Genre: Contemporary, YA
Publication date: May 4th 2009
by Chicken House LTD
It happened like this. I was stolen from an airport. Taken from everything I knew, everything I was used to. Taken to sand and heat, dirt and danger. And he expected me to love him.
This is my story.
A letter from nowhere.
Sixteen year old Gemma is kidnapped from Bangkok airport and taken to the Australian Outback. This wild and desolate landscape becomes almost a character in the book, so vividly is it described. Ty, her captor, is no stereotype. He is young, fit and completely gorgeous. This new life in the wilderness has been years in the planning. He loves only her, wants only her. Under the hot glare of the Australian sun, cut off from the world outside, can the force of his love make Gemma love him back?
The story takes the form of a letter, written by Gemma to Ty, reflecting on those strange and disturbing months in the outback.
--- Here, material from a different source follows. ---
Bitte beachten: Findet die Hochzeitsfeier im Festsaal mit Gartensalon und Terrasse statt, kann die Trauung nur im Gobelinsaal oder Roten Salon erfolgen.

Months when the lines between love and obsession, and love and dependency, blur until they don't exist - almost.
Stolen was a surprise from my 2013 holiday season. It showed up in the mail one day, a gift from Giselle of Xpresso Reads and am I ever happy that it did. See, Giselle knows me. When trying to find books to get me for Christmas she looked at Listopia lists titled “Books that made me cry.” She knew just where to go to find the books that I need on my shelf. While this one didn’t effect me as emotionally as I had hoped (which I think was due to the long stretch of time I took to read it) it was a unique reading experience that tackled Stockholm syndrome in an incredibly interesting way.
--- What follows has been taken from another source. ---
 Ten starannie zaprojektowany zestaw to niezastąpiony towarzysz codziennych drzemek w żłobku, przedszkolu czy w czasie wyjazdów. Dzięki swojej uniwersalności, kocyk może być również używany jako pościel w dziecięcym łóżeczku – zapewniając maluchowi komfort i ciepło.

So first I’ll talk about why I think it didn’t effect me as much as I would have liked. I was there with Gemma and I felt for her in her situation but I kept jolting myself out of her world. I haven’t been doing near enough reading over the Christmas holidays and would only pick this one up when I went to my two physiotherapy appointments every week. Pulling myself out and then having to readjust and get sucked back into the world kept me from being as engrossed in the novel in the way that I would have been had I devoured it all fast. This is entirely my fault and doesn’t reflect on the book in any way, shape, or form but it did affect my feelings on it so I felt it pertinent to include in the review. This morning when I sat down with it and read the final 150 pages in one stretch I was completely present in the story and started to connect with it in a way that I hadn’t been previously. Lesson here: don’t suck at reading so much, Jenni!
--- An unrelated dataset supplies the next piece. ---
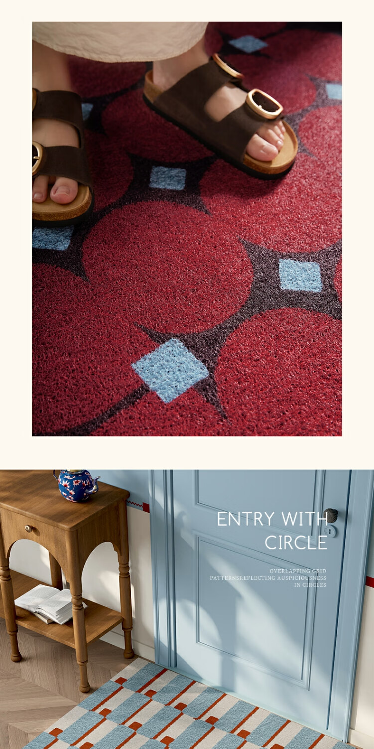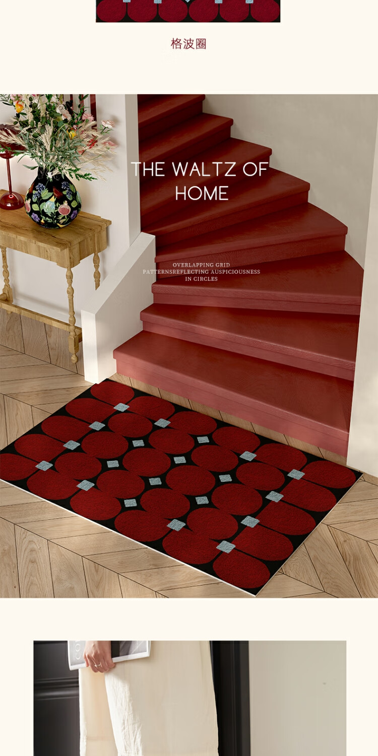 KAYE迎新年马年地垫入户门垫门口进门喜庆红地垫家用过年吸水防滑垫子 SJR-平安喜乐 50x80 cm(卧室专用)

What was fascinating about this novel it the unique way that it is written. It’s essentially a letter that Gemma is writing to the man who kidnapped her. She talks about what she was feeling and what happened between them in the time that she was missing in the Australian outback. Christopher does a fantastic job at capturing the isolation that Gemma is feeling as she struggles to find her way out but can find nothing more but sand dune after sand dune. She also expertly captures how torn Gemma comes to feel over her time there. Ty isn’t presented as some horrible monster, but we always know in the back of our minds that he is deep down. He did something wrong, he drugged Gemma and took her away from her family. But as we read we see that he genuinely cares for her in his own sick way. I found myself feeling like I had Stockholm syndrome myself! I wanted Ty to find the happiness he was so longing for, then I would step back and think about it and want to slap myself.
This is a novel that blurs right and wrong and makes you question what you’re really feeling. It’s a unique take on a very interesting topic and has left me wanting to find anything of Lucy Christopher’s that I can to devour as well. I highly recommend this one to anyone looking for a raw, real look at the strange effects captivity can have on someone.